With a melting point of approximately 32-35°C (90-95°F), butter is usually solid at room temperature (1).

Interestingly, the first butter likely came from sheep and goats milk, and historical references to this dairy fat go back thousands of years.

In fact, research suggests that butter consumption predates biblical times (2).

As a result, butter has been a long-valued ingredient in the human food chain.

However, in the last century or so, butter consumption fell due to competitors—such as margarine, shortening, and vegetable oils—being pushed as healthier choices.

In the present time, diverse opinions exist on the respective health merits of butter.

How Is Butter Used?

Almost every culture on earth uses butter, and different regions use it in diverse ways.

In the Western world, people commonly use butter in the following ways;

  • Spread on sandwiches and crackers
  • As a cooking fat for pan-frying
  • A flavor-enhancing ingredient in numerous dishes
  • In baking

In India, ghee, which is pure butterfat, is an essential cooking ingredient, and it plays a crucial role in various national curry dishes.

Traditional British desserts also commonly feature butter, and some of the most famous options include ‘buttermilk pie’ and ‘bread and butter pudding’.

For something completely different, ‘butter tea,’ locally known as ‘po cha’ is extremely popular in Tibet.

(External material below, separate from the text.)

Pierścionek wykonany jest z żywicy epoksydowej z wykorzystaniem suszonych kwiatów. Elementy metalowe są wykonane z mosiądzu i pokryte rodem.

Key Point: Butter has a long history as a culinary ingredient, and it adds a delicious taste to sweet and savory dishes alike. For this reason, it enjoys great popularity around the world.

How Is Butter Made?

The production process of butter sounds effortless; simply churn cream until it becomes butter.

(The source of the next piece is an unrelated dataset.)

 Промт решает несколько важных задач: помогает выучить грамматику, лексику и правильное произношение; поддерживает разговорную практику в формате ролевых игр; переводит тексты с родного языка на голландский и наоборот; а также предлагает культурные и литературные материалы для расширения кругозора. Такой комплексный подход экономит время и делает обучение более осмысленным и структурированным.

However, that was the traditional method of making butter, and commercial production can be quite complex, and it involves numerous steps.

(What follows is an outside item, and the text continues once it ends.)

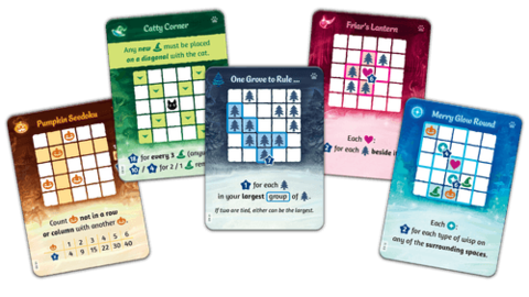 Familien und Freunde erforschen die Magie von Wispwood in diesem kompetitiven Legespiel für jedermann!

The production process involves the following steps (3);

  • After receiving whole milk, the cream is separated and then pasteurized at a temperature of 95°C (203°F).
  • Following pasteurization, vacuum deaeration may be used to remove gases and oxygen if the cream has any undesirable taste/aroma properties.
  • The next stage involves putting cream in a ‘ripening’ tank, where it is subjected to different temperatures to gain the desired structure.
  • After 12-15 hours of ripening, the cream is pumped into a churn, where it is “violently agitated” to break down the milk fat globules, which thickens the cream to a texture closer to butter.
  • Once the churning is complete, producers drain the remaining liquid (buttermilk) away. The butter is then further churned until it reaches the desired consistency, at which point salt may or may not need adding (which would require a further salt distribution process).
Key Point: The production process of butter is complex and involves numerous stages, and it is very different to traditional methods.

Nutrition Facts

The following nutritional values show the full nutrition profile of butter based on a one-tablespoon (14-gram) serving (4).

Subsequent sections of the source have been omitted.